» **Source material**
☆ ☆ ☆ ☆ ☆ ☆ ☆
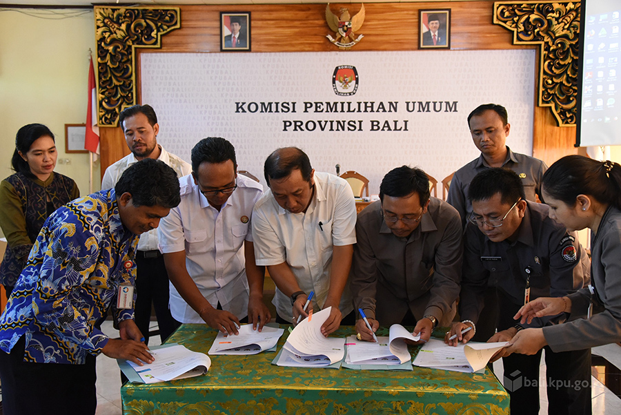 Denpasar, bali.kpu.go.id– Komisi Pemilihan Umum Provinsi Bali (KPU Bali) bersama dengan Komisi Penyiaran Indonesia Daerah Bali (KPID Bali), Komisi Informasi Provinsi Bali (KPI Bali), Badan Pengawas Pemilu Provinsi Bali (Bawaslu Bali) dan Ombudsman Republik Indonesia Perwakilan Bali (ORI Bali) menandatangani Keputusan Bersama tentang Pengawasan Pemberitaan, Penyiaran dan Iklan Kampanye Pemilihan Gubernur dan Wakil Gubernur Bali (Pilgub Bali), serta Pemilihan Bupati dan Wakil Bupati Klungkung dan Gianyar Tahun 2018. (19/03/18) Perjanjian Kerjasama ini nantinya akan dijadikan sebagai acuan bagi semua pihak yang terkait untuk mengawal dan menyukseskan pelaksanaan Pilgub Bali terutama dalam tahapan kampanye, terang Ketua KPU Bali Dewa Raka Sandi dalam sambutannya. Raka Sandi juga menambahkan bahwa dalam waktu dekat KPU Bali akan melaksanakan sosialisasi yang lebih komprehensif mengenai Perjanjian Kerjasama ini dengan mengundang tim kampanye dari masing-masing pasangan calon serta pihak-pihak terkait lainnya. Dengan adanya Perjanjian Kerjasama ini Raka Sandi berharap kedepan secara efektif substansi meupun kewengan dari masing-masing lembaga bersama-sama kita dapat sosialisasikan dan tegakkan kepada masyarakat dalam pelaksanaan Pilgub saat ini. Ni Wayan Widhiasthini selaku Anggota KPU Bali yang membidangi kampanye mengatakan bahwa Perjanjian Kerjasama mengenai pengawasan pemberitaan, penyiaran dan iklan kampanye saat ini merupakan turunan dari Memorandum of Understanding (MOU) antara Komisi Pemilihan Umum Provinsi Bali bersama degan Ombudsaman Republik Indoensia (ORI)tentang Pengawasan Bersama Pelaksanaan Pemilihan Gubernur dan Wakil Gubernur Bali serta Pemilihan Bupati dan Wakil Bupati Klungkung dan Gianyar Tahun 2018 yang dilaksanakan pada saat itu juga. Widhiasthini menjelaskan bahwa Perjanjian Kerjsama ini dilakukan mengingat keterbatasan wewenang KPU Bali dalam beberapa hal sehingga harus disinkronkan dalam mengantisipasi segala macam masalah yang mungkin terjadi selama pelaksanaan kampanye. Dalam Perjanjian Kerjsama yang ditandatangani oleh masing-masing Ketua dari lembaga terkait tersebut juga dijelaskan mengenai gugus tugas dari masing-masing lembaga berkaitan dengan pengawasan pemberitaan, penyyiaran dan iklan kampanye dalam Pilgub Bali yang akan dilaksanakan selama 14 hari sejak tanggal 10 Juni sampai dengan 23 Juni 2018 mendatang. (gb.red/Foto KPU Bali/gb/Hupmas)
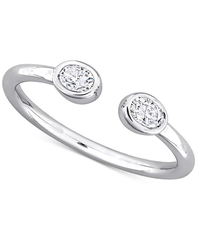 Cubic Zirconia Trio Link Ring Sterling Silver or 14k Gold Over
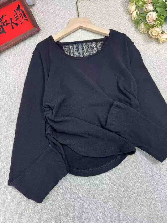 纯欲风露背蕾丝拼接长袖德绒修身内搭打底衫.单款单色两个码130件左右全清6.5分货加一
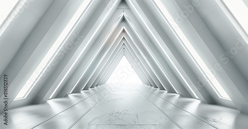 Empty Long Light Corridor. Modern white background. Futuristic Sci-Fi Triangle Tunnel. 3D Rendering.
☆ ☆ ☆ ☆ ☆ ☆ ☆
» **Exercise description**
Once the line holding "Cubic Zirconia Trio" is found, copy it and each later line exactly through the end of the data, leaving out the pictures.

» **Answer section**
 Cubic Zirconia Trio Link Ring Sterling Silver or 14k Gold Over
 纯欲风露背蕾丝拼接长袖德绒修身内搭打底衫.单款单色两个码130件左右全清6.5分货加一
 Empty Long Light Corridor. Modern white background. Futuristic Sci-Fi Triangle Tunnel. 3D Rendering.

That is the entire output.